What purification methods are used for FITC-conjugated antibodies and how might this affect performance?

Understanding production methods helps interpret performance:

• Conjugation Chemistry: FITC reacts with primary amines on antibodies (typically lysine residues). The antibody-to-FITC ratio affects brightness and can vary between manufacturers .

• Purification Approaches:

  • Size-exclusion chromatography removes unconjugated FITC and any aggregated antibody

  • Protein A/G purification removes non-antibody proteins prior to conjugation

  • Most commercial preparations undergo both affinity purification and size-exclusion steps

• Quality Control Metrics:

  • Fluorophore-to-protein ratio (typically 3-7 FITC molecules per antibody for optimal performance)

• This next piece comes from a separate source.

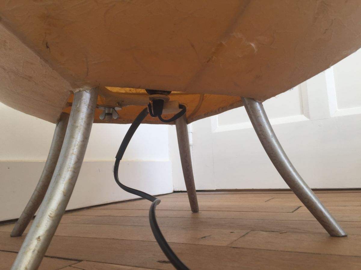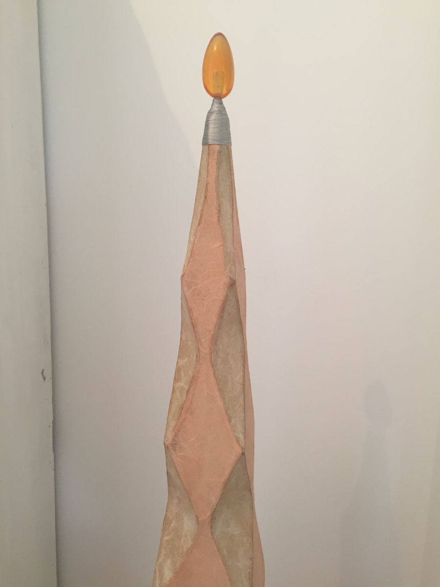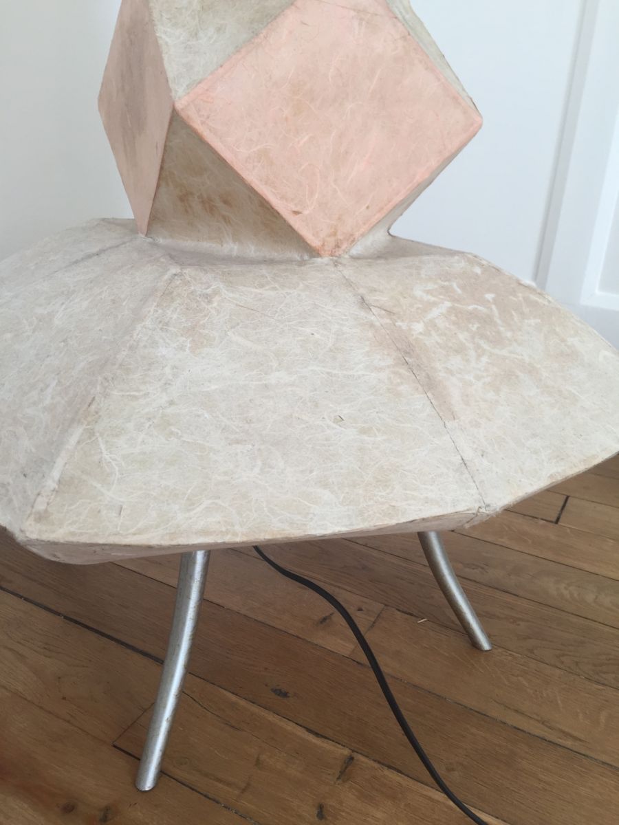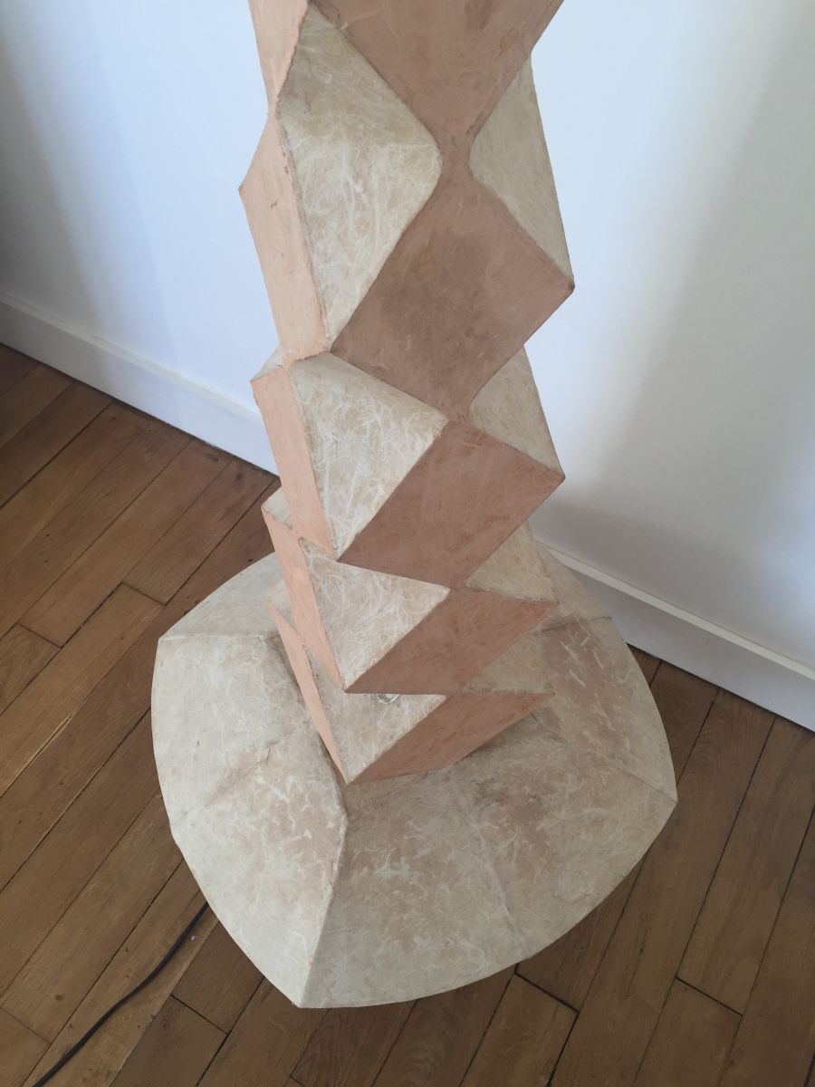 Superbe et authentique lampadaire des années 70 en plastique et papier maché, rare sur le marché, pieds métal, couleur jaune et orange, forme pyramidale, en bon état de marche, état du papier vintage dans son époque avec quelques réparations, embout tête en ambre, informations et photos supplémentaires sur demande, coût d'envoi si colis à rajouter en fonction car très fragile

  • Percent free dye (should be <5%)

  • Antibody recovery post-conjugation (typically 60-80%)

  • Retention of antigen binding assessed by comparing conjugated vs unconjugated forms

• Impact on Applications: Purification method affects:

  • Background fluorescence (insufficient removal of free FITC increases background)

  • Signal intensity (over-conjugation can cause fluorescence quenching or alter binding)

  • Batch-to-batch reproducibility (standardized methods produce more consistent results)

For optimal results, researchers should select antibodies purified using size-exclusion chromatography that specifically removes unconjugated fluorophore, as this reduces background signal in imaging and flow cytometry applications .

How are FITC-conjugated Myc antibodies being utilized in emerging single-cell analysis technologies?

Recent adaptations for cutting-edge technologies:

• CyTOF Applications: Some FITC-conjugated Myc antibodies are now validated for mass cytometry, enabling incorporation into high-dimensional panels for comprehensive cellular phenotyping .

• Single-Cell RNA-Protein Co-Detection: Methods combining transcriptomics with protein detection often use Myc-tagged proteins visualized with FITC-conjugated antibodies to correlate expression with transcriptional profiles.

• Live-Cell Imaging: While traditional FITC applications involve fixed cells, newer membrane-permeable variants enable tracking of Myc-tagged proteins in living cells over time.

• Microfluidic Systems: FITC-conjugated antibodies are compatible with microfluidic-based cell sorting and analysis platforms, enabling high-throughput screening of cells expressing Myc-tagged proteins.

• Super-Resolution Microscopy: Though FITC isn't optimal for super-resolution techniques due to photobleaching concerns, specialized variants with improved photostability are emerging for nanoscale visualization of Myc-tagged structures.